Rick Chisa, spokesman for the Public School Employees of Washington, the state's largest union for school support staff, said the bill that passed includes expensive new requirements _ which he approves of _ but doesn't provide countervailing cost savings.
"The Legislature forced itself into the position where insurance is going to cost the state more," said Chisa. "There's nothing here that helps reliably control costs long-term."
Under the measure, districts will have to start easing the burden of workers now paying a disproportionate share of their covered family members' premiums, with a specific target to be set in 2015.
At present, some families pay upward of $1,300 per month in premiums, whereas some workers who cover only themselves pay no monthly premiums. Under the measure, every covered employee will be required to do so.

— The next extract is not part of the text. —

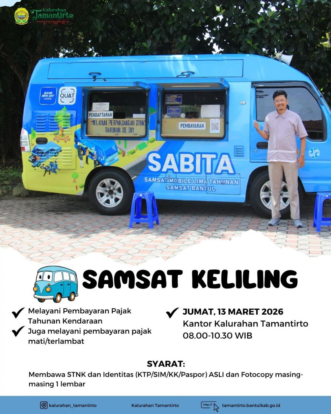 22 Agustus 2025 14:06:33 WIB AdministratorJumat, 29 Agustus 2025Kantor Kalurahan Tamantirto08.00-11.00 WIBSyarat:Membawa STNK dan Identitas (KTP/SIM/KK/Paspor) Asli dan FC masing-masing 1 lembarMelayani pembayaran pajak tahunan kendaraan juga melayani pembayaran pajak mati/terlambat... ..selengkapnya

John Williams, an expert on K-12 insurance plans with the Health Care Authority, said that the new calculus will have to involve raising premiums for individuals in order to help bring down costs for those with dependents while avoiding excessive new expenses to the state.
"It's a good bill," Williams said. "It establishes the requirement that premiums be rebalanced to bring them closer together."

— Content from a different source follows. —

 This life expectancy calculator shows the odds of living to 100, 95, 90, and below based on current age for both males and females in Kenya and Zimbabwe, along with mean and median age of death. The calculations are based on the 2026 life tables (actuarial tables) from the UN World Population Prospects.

The bill also compels districts and their benefit providers to hand over information on how the health care dollars _ including roughly $1 billion in annual taxpayer money _ are spent, aggregated information on who is covered and proof of efforts to keep costs in check.
The information is to be provided annually to the state's insurance commissioner starting next year. In 2015, the state will rank districts by performance, reward top districts with grants to reduce workers' copayments and deductibles and use the data to weigh whether to again consider consolidation.
Failure to comply with the new rules would force school districts to place their employees' health insurance in the hands of the state.
Rich Wood, spokesman for the Washington Education Association, which strongly opposed changes to the current system, expressed concern that the bill was passed in the middle of the night with little public oversight. He also said the disclosure requirements appear to be unnecessarily onerous.
"This was negotiated behind closed doors without any input from the people affected by it," he said.
The WEA helps administer the insurance plan used by 60 percent of the roughly 200,000 covered school workers and dependents.
Because the WEA, insurance companies and school districts have for years declined to provide information on how the money in the system is spent, suspicions about the union's financial role have lingered.
Chisa, of the support staff union, has alleged that the WEA makes millions of dollars each year as an insurance plan sponsor. The WEA flatly denies this, and points out that the insurer it partners with, Premera Blue Cross, reports administrative costs running at a relatively modest 6 percent.
Chisa said he is pleased that the bill now headed to the governor's desk will shed light on the current system's administrative costs.
"We're going to be able to know for sure where the money's going, how it's going to be used and whether we're getting our money's worth," he said. "That's a long time in coming."